Two specific difficulties the review leaves standing:
- The unitary-account problem. The insula is active in language, audition, risk, sensorimotor processing, pain, taste and flavour, and autonomic control. The authors set out the options — one integrative function, or a core visceral function from which specialised functions evolved (taste, disgust, limb awareness, speech articulation) — and reach no verdict. Craig’s global emotional moment is presented as the leading unitary attempt and is not endorsed.
- The recovery problem. Duffau et al.’s (2006) 42 insular glioma resections produced substantial immediate deficits — 21 transient hemiparesis, 10 articulatory disorders, 7 with abulia (inertia with loss of interest and affect) — and at three months, no visceral, cardiovascular, sensorimotor, gustatory, auditory-vestibular or language disorders in any patient. Whatever the insula does, other tissue can largely do it within a quarter. This is the review’s own best evidence against reading any of its localizations strongly.
The comparator, in 2010
Worth recording for feedforward-vs-predictive-interoception because of its date. Three years before Seth (2013) and seven before Barrett (2017), Critchley is already describing the insula as a comparator detecting incongruence between predicted and actual emotional states, with the anterior insula storing “an error representation when the states are mismatched” usable in reinforcement learning to adjust future behaviour (Preuschoff et al. 2008; Pessiglione et al. 2006), and citing the Singer, Critchley & Preuschoff (2009) integrative model in which concurrent and prediction signals are integrated into a dominant motivational feeling state. The false-feedback result is offered as the demonstration: induce interoceptive mismatch experimentally and anterior insula activity tracks the increased emotional salience attributed to previously neutral faces (Gray et al. 2007).
This is prediction-error language without the generative-model apparatus — closer to Craig’s ascending-comparator architecture than to Seth’s descending one, and a useful datum on how the Sussex group’s position developed. See hugo-critchley.
And note the tension the same paragraph creates with everything above it: the mechanism proposed is a mismatch detector, and the review’s own verdict is that this mechanism “is less obvious in the presence of marked insula damage.” The model is offered in the same section that reports the lesion data failing to show it.
Provenance and standing
Critchley is senior author; this is his fourth first-hand paper in this wiki and, at 2010, the earliest — it predates khalsa-2018-interoception-roadmap, quadt-2018-interoception-health-disease and bonaz-2021-diseases-of-interoception by eight to eleven years.
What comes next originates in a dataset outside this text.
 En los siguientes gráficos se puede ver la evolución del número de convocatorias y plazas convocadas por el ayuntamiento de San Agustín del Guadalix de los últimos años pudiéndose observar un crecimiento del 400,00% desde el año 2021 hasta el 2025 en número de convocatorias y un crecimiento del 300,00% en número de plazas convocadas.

First author Catherine Jones was an MRC-funded doctoral researcher at Brighton and Sussex Medical School; Jamie Ward is a Sussex cognitive neuroscientist (synaesthesia, body representation). The contributor note is unusual — “JW and HDC contributed equally.” Funding: MRC and BSMS (CLJ), a Wellcome Trust programme grant (HDC). No declared competing interests. Externally peer reviewed, not commissioned.
No researcher pages created for Jones or Ward: single appearance in raw/, per the co-author convention used for Jia, Wiens, Amedi, Koch, Lane, Kanoski, Grill, Feldman and Napadow.